OTA1 fails to successfully load new image in WICED 4.0

Tip / Sign in to post questions, reply, level up, and achieve exciting badges. Know more

cross mob
Anonymous
Not applicable

I have been trying to get an application that has been upgraded from WICED 5.5.1 to WICED 4.0 to successfully execute an Over The Air(OTA) update. The OTA update worked in WICED 3.5.1, but not in WICED 4.0. In trying to resolve the issue I noticed invalid values for the variable CURRENT_SECTOR were being generated in /tools/makefiles/wiced_apps.mk.
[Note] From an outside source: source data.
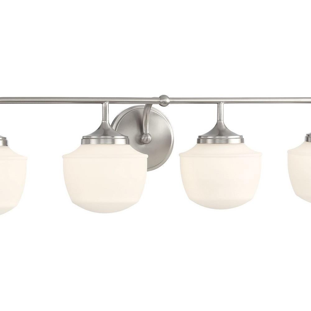 Introducing the Cornwell 4 Light Bath Vanity, a stunning addition to your bathroom decor. Standing 8 inches tall and 32 inches wide, this elegant fixture features a sleek combination of glass and steel, providing both durability and style. Designed to accommodate four incandescent bulbs, it offers ample illumination for your space. The Cornwell collection effortlessly blends modern aesthetics with practical functionality, enhancing your vanity with a touch of sophistication.
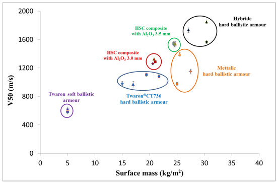- HSC composites containing Al2O3 ceramics with a thickness of (3.0 ± 0.2) mm used in conjunction with soft ballistic insert containing 42 layers of Twaron®CT612;
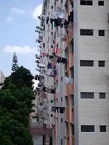 نشر الغسيل على شرفات الشقق لتجف في سنغافورة.
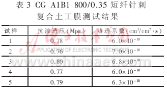 利用该仪器对某厂生产的短纤针刺土工膜CG A1B1 800/0.35进行测试,结果如表3所示。

I was able to fix this bug in WICED 4.0, but OTA still fails to work.

We are using a custom board with an Inventek ISM43341_M4G_L44 module and 4MB of serial flash.

The partial fix: The CURRENT_SECTOR variable has a value that increases for no apparent reason. Changing the name of the variable from CURRENT_SECTOR to NEXT_SECTOR fixed the problem.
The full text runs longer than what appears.